Work order>
Starting with the line that has "Slovenski oglaševalci bodo" in the records below and ending with the line that has "3、当灵气积累到指定数值后,即可进行境界突破,提升角色实力。", output those lines exactly and nothing more; omit the pictures.

Provided data>
• • • • • • •
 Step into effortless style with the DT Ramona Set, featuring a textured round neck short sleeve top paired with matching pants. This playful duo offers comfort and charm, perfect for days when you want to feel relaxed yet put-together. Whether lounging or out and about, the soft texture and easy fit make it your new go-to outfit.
• • • • • • •
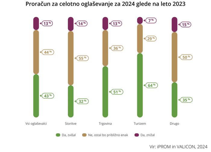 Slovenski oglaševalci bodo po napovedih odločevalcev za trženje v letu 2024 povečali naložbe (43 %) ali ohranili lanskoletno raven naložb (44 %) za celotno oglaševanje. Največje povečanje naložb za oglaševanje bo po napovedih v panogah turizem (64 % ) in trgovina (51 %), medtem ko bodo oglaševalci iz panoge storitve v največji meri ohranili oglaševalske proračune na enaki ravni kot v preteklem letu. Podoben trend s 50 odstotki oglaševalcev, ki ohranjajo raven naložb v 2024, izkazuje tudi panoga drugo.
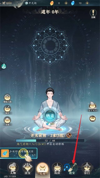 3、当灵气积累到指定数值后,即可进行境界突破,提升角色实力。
• • • • • • •
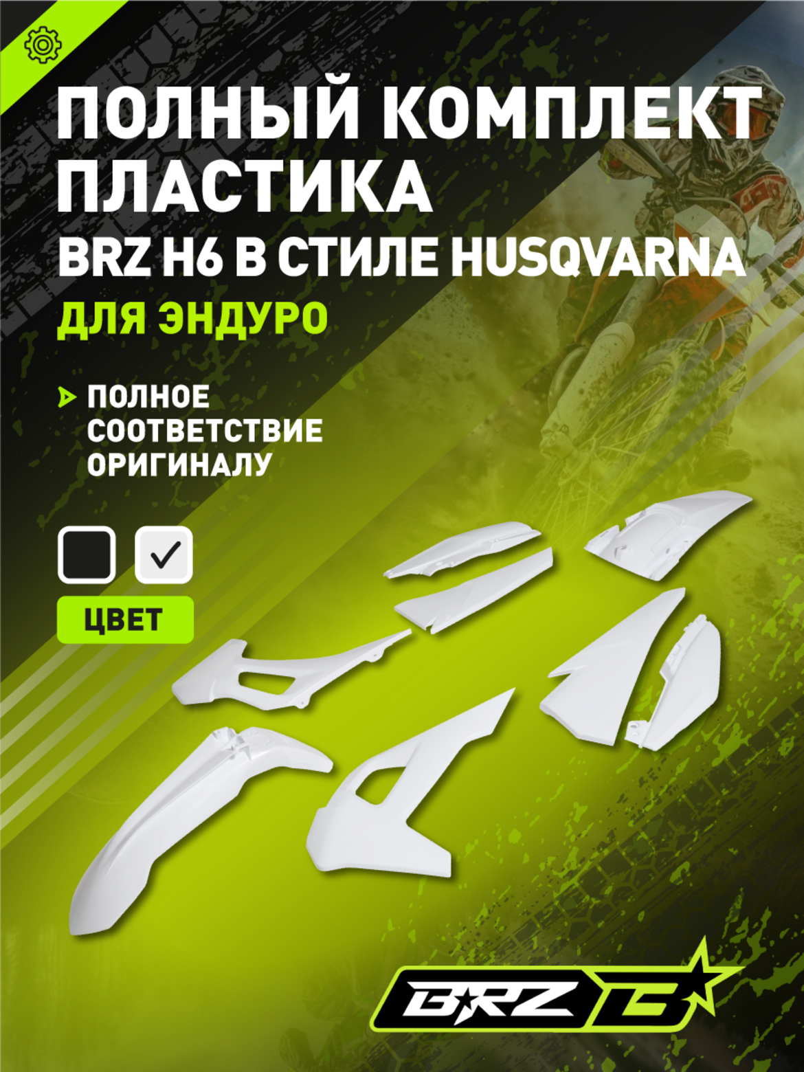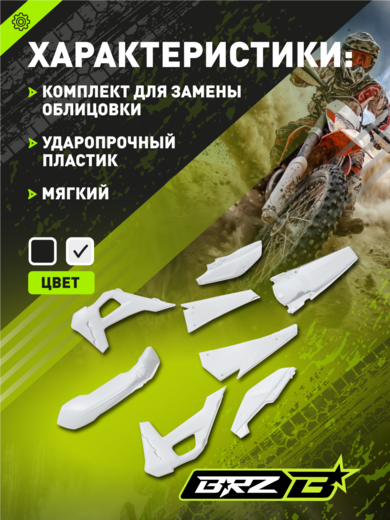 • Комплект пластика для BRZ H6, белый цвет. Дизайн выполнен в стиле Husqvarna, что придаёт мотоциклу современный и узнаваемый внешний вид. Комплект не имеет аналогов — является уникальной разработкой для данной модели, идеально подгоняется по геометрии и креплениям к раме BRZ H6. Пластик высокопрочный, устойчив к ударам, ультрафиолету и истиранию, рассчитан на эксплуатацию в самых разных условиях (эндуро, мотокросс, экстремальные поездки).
• • • • • • •
Answer to this problem>
 Slovenski oglaševalci bodo po napovedih odločevalcev za trženje v letu 2024 povečali naložbe (43 %) ali ohranili lanskoletno raven naložb (44 %) za celotno oglaševanje. Največje povečanje naložb za oglaševanje bo po napovedih v panogah turizem (64 % ) in trgovina (51 %), medtem ko bodo oglaševalci iz panoge storitve v največji meri ohranili oglaševalske proračune na enaki ravni kot v preteklem letu. Podoben trend s 50 odstotki oglaševalcev, ki ohranjajo raven naložb v 2024, izkazuje tudi panoga drugo.
 3、当灵气积累到指定数值后,即可进行境界突破,提升角色实力。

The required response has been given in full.